4.1. Neither MPEx nor its Owners, Directors, Agents or Partners nor the named individuals assume any liability for any losses suffered or alleged to have been suffered by any third party as a result of the execution of this Agreement. All third parties are to make their own determinations, satisfy their own due dilligence policies and assume for themselves any and all risks involved.

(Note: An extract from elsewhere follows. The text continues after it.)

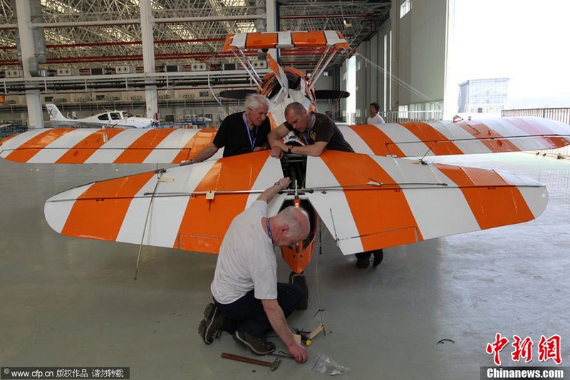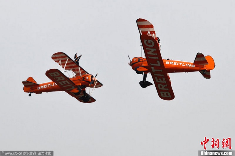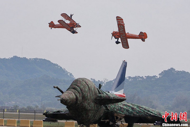 承辦中國(guó)航展的珠海航展有限公司副總經(jīng)理?xiàng)钯t剛介紹,第九屆中國(guó)珠海航展有來(lái)自39個(gè)國(guó)家和地區(qū)近650家中外航空航天廠(chǎng)商參展,根據(jù)最新的參展飛機(jī)清單,本屆航展上的各類(lèi)飛行器實(shí)物將為114架,包括殲擊機(jī)、直升機(jī)、客機(jī)、公務(wù)機(jī)、水陸兩棲多用途飛機(jī)等,有近50架將動(dòng)態(tài)飛行展示;飛行表演將集中在 11月16日-18日。圖為一臺(tái)被包裹得嚴(yán)嚴(yán)實(shí)實(shí)的“棕子機(jī)”,其上方則是“百年靈”機(jī)翼行走飛行特技表演隊(duì)在進(jìn)行訓(xùn)練。

In particular compliance with any laws, rules or regulations in effect in any jurisdiction where a third party may find itself is entirely the responsibility of that third party -- neither MPEx nor the named individual make any guarantees or representation as to the legal status of this Agreement in any third party's jurisdiction.

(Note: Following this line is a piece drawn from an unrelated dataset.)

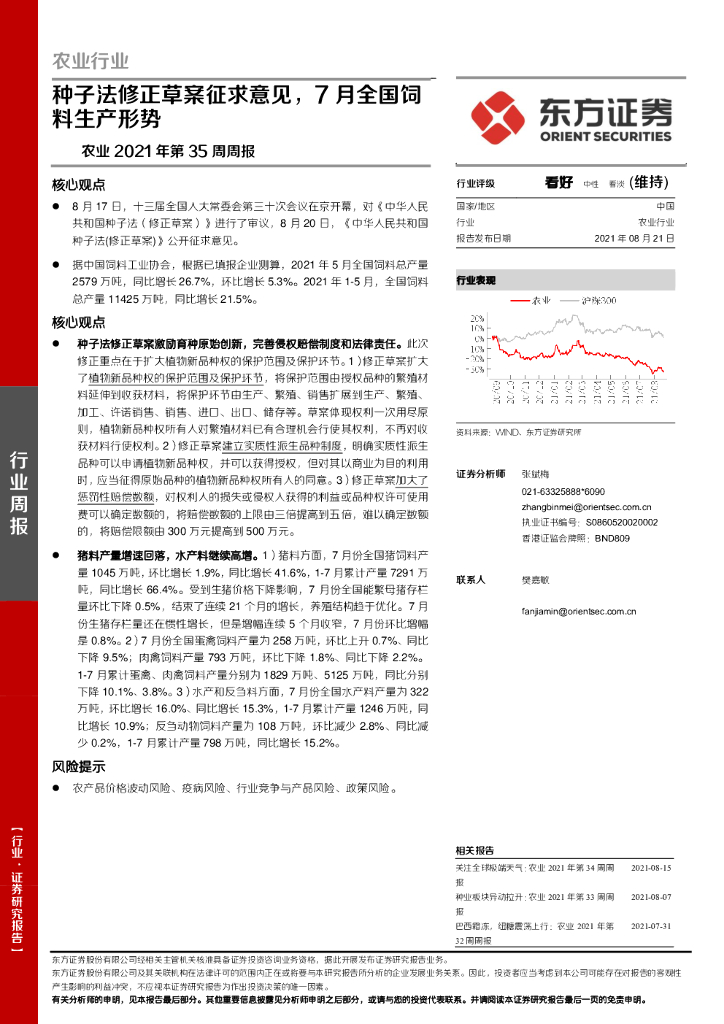 东方证券:农业2021年第35周周报:种子法修正草案征求意见,7月全国饲料生产形势.pdf

4.2. The liability of any person or entity party to this contract, either direct, indirect, incidental, tortious, punitive, exemplary or otherwise shall in no case exceed such sums as may be proven that person or entity has in fact received through the working of this contract. Signatories and investors agree to indemnify and hold harmless any party from any claims that may exceed such sums.

4.3. Should No Such lAbs fail to execute this Agreement, as for instance by but not limited to breaching 3.2.h above, MPEx will notify the named individual of the breach and may, at its sole discretion, suspend the asset from trading thus activating the liquidation of the asset.

5. MISCELLANEA

5.1. This contract is the sole and complete agreement between the parties. It may not be modified by third parties, irrespective of whether said parties should style themselves "court of law", "judge" or otherwise.

5.2. This contract is protected as copyrighted material. It may not be reused by different parties without the express permission of MPEx.

Signed, 01ABFFC7 ; 2FB7B452.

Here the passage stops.